Дориана нашли, живым и невредимым, во дворе замка. Волна от взрыва вокруг Замка Камерон бросила его на камень, и он потерял сознание. Он был очень недоволен тем, что пропустил последнюю атаку.

Маркуса нашли среди погибших защитников стены — он был тяжело ранен, но оставался в сознании. Его ногу пробил меч, а из плеча торчала стрела. Позже я исцелил его раны, но с тех пор он жаловался на боль в ноге. Я был уверен, что сработал на славу, поэтому начал подозревать, что он жаловался лишь для того, чтобы меня позлить. Его характер изменился после того, как его богиня нас предала. Он стал темнее, менее склонным к смеху, и на него порой накатывало тихое настроение. Я беспокоился, что он может никогда полностью не восстановиться.

На защите пролома в стене полегло более трёхсот наших людей. Людей из Ланкастера и Уошбрука, и людей, которые лишь недавно стали называть мои земли домом, но их семьи выжили. Со временем мы снова будем расти и процветать.

Сайхана посадили в камеру в Ланкастере, поскольку мне по-прежнему негде было держать пленников в Замке Камерон. Его состояние было тёмным напоминанием тем из нас, кто стал уважать его и на него полагаться. Я всё ещё надеялся, что его можно будет выпустить, но пока мы не могли уделить ему время. Я планировал в конце концов предложить ему место среди нас, или вернуться в Албамарл, в зависимости от его решения.
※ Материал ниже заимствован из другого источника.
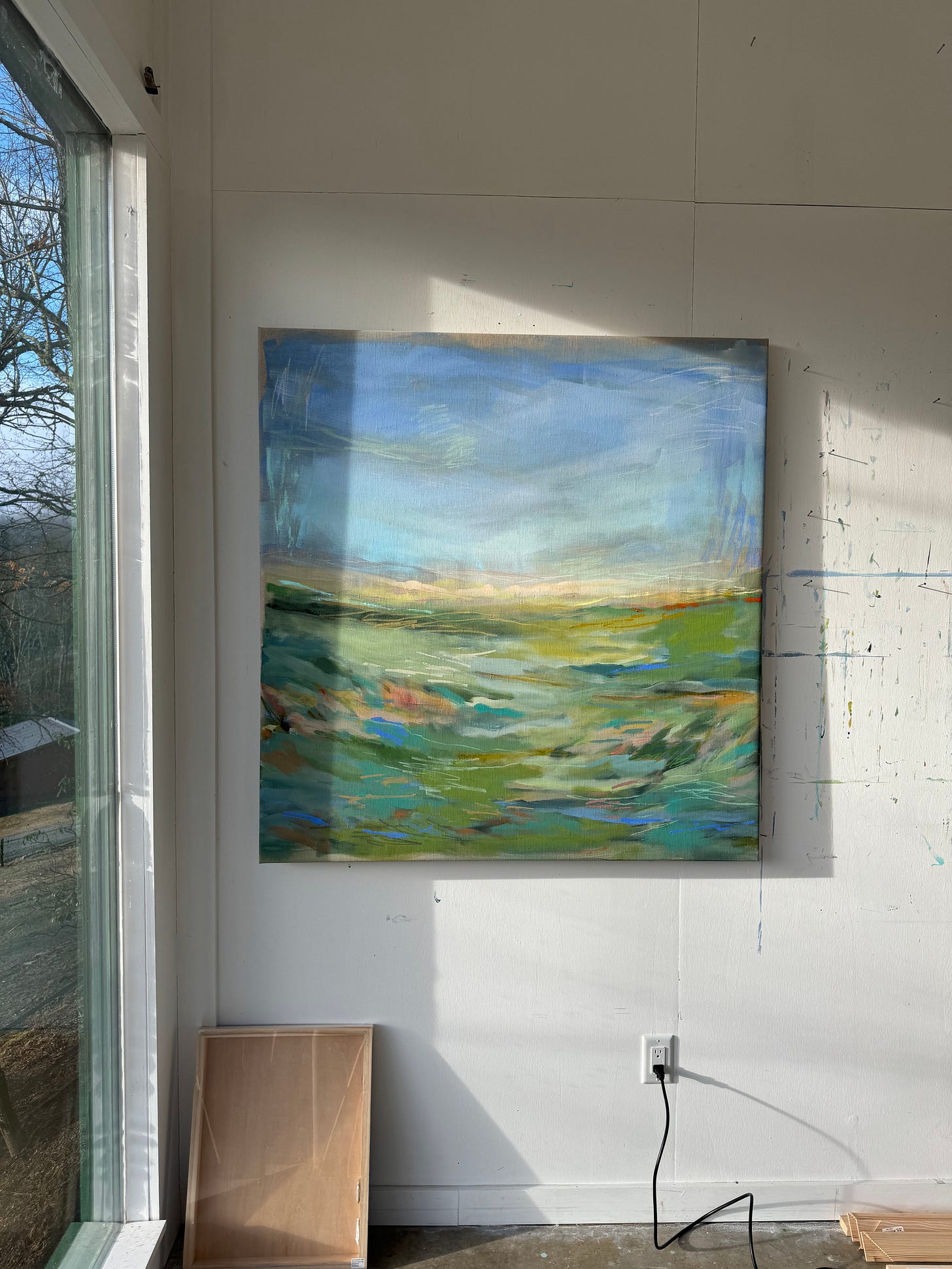 Okay, I know I included this painting in a previous In the Making when it was still on the back side of a bigger linen canvas, BUT now it’s finally stretched right-side-up! I wanted to keep a peek of the raw linen around the edges, so I opted for a sliiightly larger 48x46” stretcher.

От короля не пришло никаких сообщений, но его разведчиков заметили рядом с Ланкастером, поэтому я подозревал, что он был осведомлён об исходе нашей битвы. Я не знал точно, что нас ждало в его отношении, но я был уверен, что ничего приятного в этом не будет.

* * *

Когда мы с Пенни снова посетили Ланкастер, стоял тёплый день середины весны. Джеймс и Дженевив встретили нас в парадном зале. Отбросив формальности, я обнял их обоих.

— Уверен, вы помните Пенелопу, — сказал я формальным тоном. — Пожалуйста, позвольте мне представить её снова, теперь — как мою жену, и Графиню ди'Камерон. Пенелопа Иллэниэл, представляю тебе их светлости, Герцога и Герцогиню Ланкастера, — отвесил я формальный поклон, и протянул её руку, чтобы Джеймс мог её взять.

Джеймс засмеялся, поскольку они ещё с прошлого месяца знали о нашей свадьбе.

— Мордэкай, я надеюсь, что ты знаешь, как обращаться с леди, — сказал он, наклоняясь, чтобы поцеловать предложенную руку Пенни.

— Не дразни его, Джеймс, — сказала ему Дженевив. — Некоторые вещи нужно делать как полагается, — добавила он, также взяла руку Пенелопы, и долго смотрела на неё, прежде чем мягко её обнять. — Я слышала, что у вас скоро будет ребёнок, — сказала она, когда они разжали объятия.

Пенни робко улыбнулась:

— Так мне сказали — и моё тело, похоже, согласно, — положила она, сама того не осознавая, ладонь на свой живот, который наконец начал слегка выпирать.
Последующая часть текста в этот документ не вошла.